# ExMark vs Cub Cadet?



## fifthmanstanding (Apr 11, 2021)

Hi all,

In the market for a zero turn. I'm going to avoid buying from a big box and go with a local dealership.

Budget: $3100 or less, otherwise my wife will kill me. 
Local dealerships carry the following: 

Exmark
Husqvarna
Cub Cadet
John Deere

I was originally leaning towards a Cub Cadet ZT1 42". It's attractive and looks comfortable and well made. The more research I did the more it seemed like the stamped deck and the Hydro-Gear EZT 2200 drive system were the things that others repeatedly said weren't great. I'll be the first to say, I have no idea what's wrong with the 2200 drive system but to hear folks talk it must've killed their whole family.

Then I started leaning towards the Exmark Quest because of it's fabricated and welded deck. Near as I can tell its the same Kohler motor.

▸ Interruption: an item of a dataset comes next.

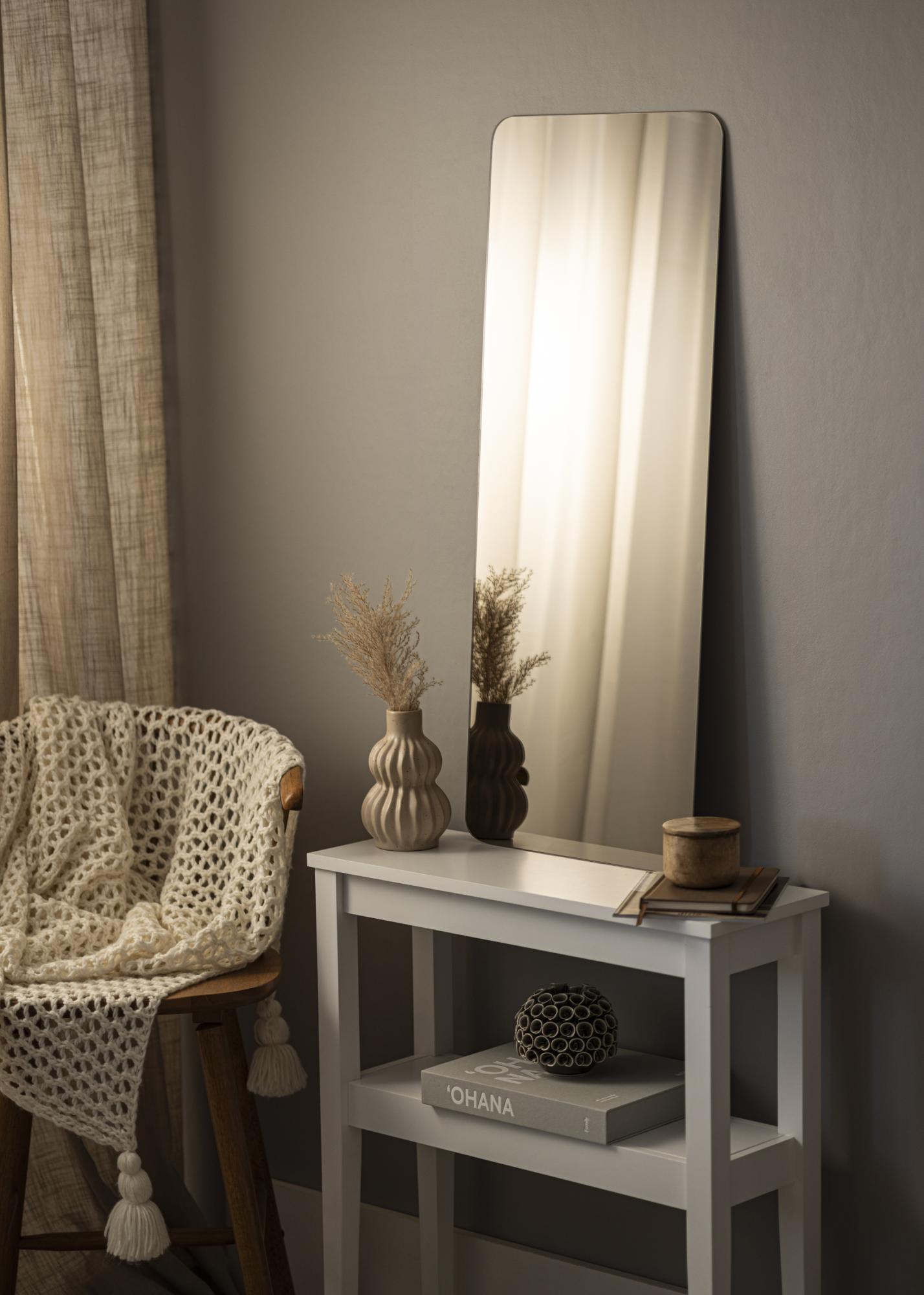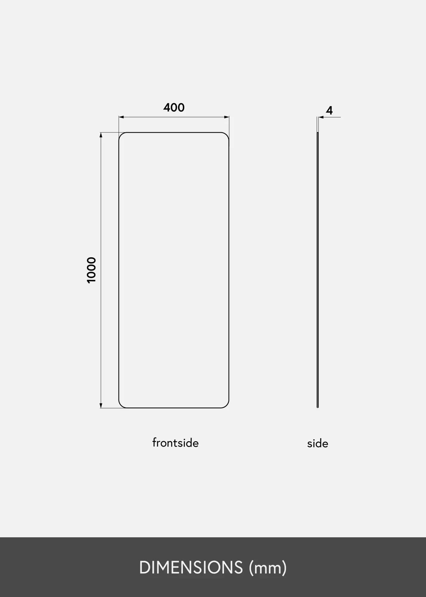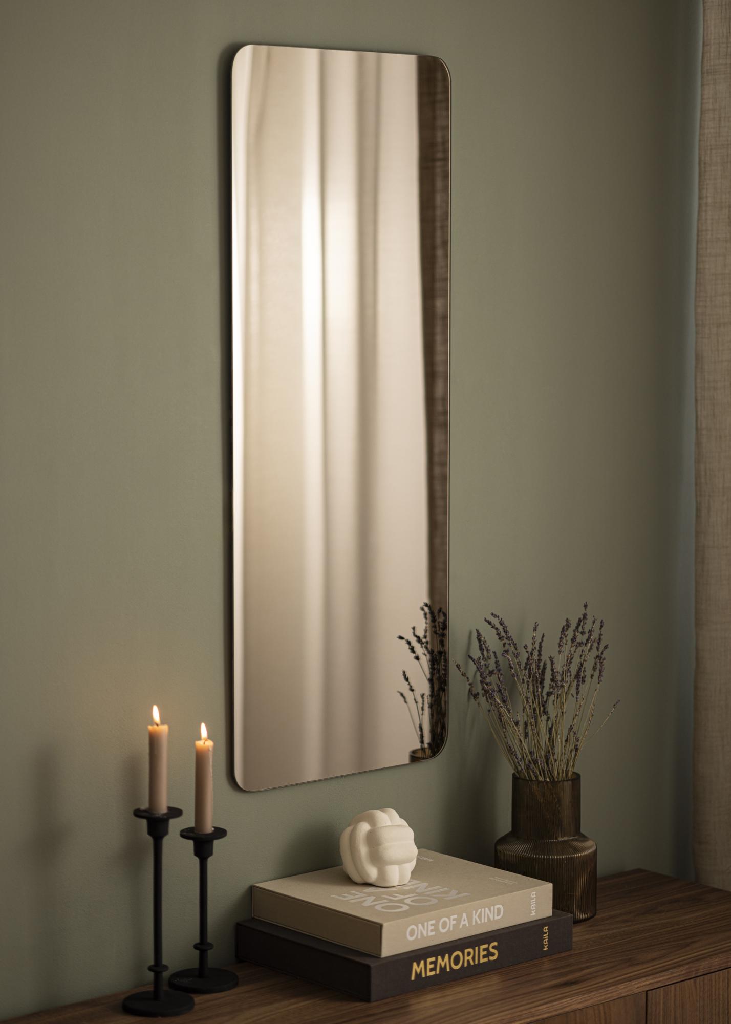 Αυτός είναι ένας ορθογώνιος καθρέφτης με διακοσμητικά στρογγυλεμένες γωνίες που του δίνουν μια απαλή και κομψή εμφάνιση. Το γυαλί του καθρέφτη είναι βαμμένο σε μια κομψή απόχρωση σκούρου μπρούντζου, κάνοντας αυτόν τον καθρέφτη εντυπωσιακή και μοντέρνα διακοσμητική λεπτομέρεια για το σπίτι σας. Ο καθρέφτης είναι επίσης πολύ λεπτός και δεν έχει πλαίσιο, κάτι που συμβάλλει επιπλέον στο λεπτό, κομψό συναίσθημα του.

Anyone out there with thoughts on these? I'm not especially interested in the John Deere because it seems like their zero turn models are missing a lot of features that Cub Cadet and Exmark have at this price point. I've not research Husqvarna heavily yet.

Thanks in advance for any insight.


----------



## ksturfguy (Sep 25, 2018)

Exmark makes good quality commercial mowers. Can't speak for the Quest as I believe that's more their homeowner model but im guessing it's quality. If your dealer will let you I suggest asking to demo the mowers your interested in. Then buy the one that gives the best cut or you enjoy using the most.


----------



## William (Oct 2, 2017)

I like Kawi engines personally. I have had great success on air cooled ones from 4 to 20hp.

With that said, if the engines are all the same, I would look at who makes the hydraulics, size of hydraulic tank (more fluid = stays cooler), Hydraulic cooler, brass fittings, etc . . .

As for the deck, I have always liked welded 7 gauge-ish.

Something else to consider is to buy a commercial used/like new.


----------